A UN Mission in Congo (MONUC) investigation carried out 22-24 October 2004 put the death toll at 73, including summary executions of 28 arrestees. In 2007, 8 accused army commanders and 3 Anvil Mining employees were brought before a military court but the case was dismissed. An appeal against this decision was also dismissed on procedural misconduct thus blocking any chances of reparation for the victims.

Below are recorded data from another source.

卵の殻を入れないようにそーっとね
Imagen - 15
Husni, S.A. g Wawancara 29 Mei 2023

Alleged violations of the African Charter on Human and Peoples’ Rights
The complainants therefore allege the violation of their rights as guaranteed by the African Charter. In particular, they allege violations of;
Article – 1 Obligation of Member States
Article – 4 Rights to life
Article – 5 Prohibition of Torture
Article – 6 Protection from Arbitrary Arrest
Article – 7(1) Right to fair trial
Article – 14 Right to Property
Article – 26 Duty to Guarantee Independence of Courts
This communication was filed before the African Commission on Human and Peoples’ Rights
Status of the Communication
The people of Kilwa represented by IHRDA, Action contre l’impunité des droits humains (ACIDH) and Rights and Accountability in Development (RAID) filed a communication before the African Commission on Human and Peoples’ Rights (ACmHPR) against the Democratic Republic of Congo. The case on alleged violation of the rights of the people of Kilwa by the military, equipped by an Australian Mining Company in Katanga called Anvil Mining, was dismissed at the national level.
The communication made progress by moving from the seizure stage to the admissibility stage. Unfortunately, it has been at the admissibility stage for 2 year 4 months (6 May 2011 – date) before the ACmHPR. After an unsatisfactory pursuit at the national level, justice is yet to be served.

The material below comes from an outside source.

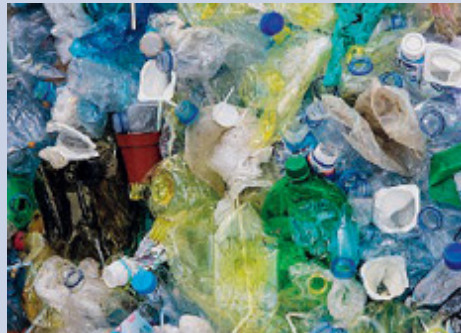
Negli oceani 13 milioni di tonnellate di plastica.

data antecedente al 14 gennaio 2022. E per chi non rispetta le regole sono previste multe che andranno da 2.500 a 25.000 euro. «L'Italia rischia sanzioni Ue per aver introdotto alcune deroghe in contrasto con la direttiva - denuncia Greenpeace - per i prodotti in plastica destinati ad entrare in contatto con gli alimenti la legge italiana consente infatti di aggirare il divieto europeo ricorrendo ad alternative in plastica biodegradabile e compostabile. Un'ulteriore violazione è l'esclusione dal divieto dei prodotti dotati di rivestimento in plastica con un peso inferiore al 10% dell'intero prodotto».

The communication, relating to human rights violations which occurred in Kilwa in October 2004, was seized of by the African Commission in November 2010.The case is filed on behalf of Pierre Kunda Musopelo, Ulimwengu Lukumani, Ulimwengu Nombele (all of late) and two victims who have elected anonymity for fear of reprisals. The complainants allege that the events which took place in the south-eastern rural area of Kilwa and the subsequent failure of the Congolese government to ensure reparation for victims are in violation of several provisions of the African Charter on Human and Peoples’ Rights.
IHRDA’s litigation partners in this communication are Action contre l’impunité des droits humains (ACIDH) and Rights and Accountability in Development (RAID).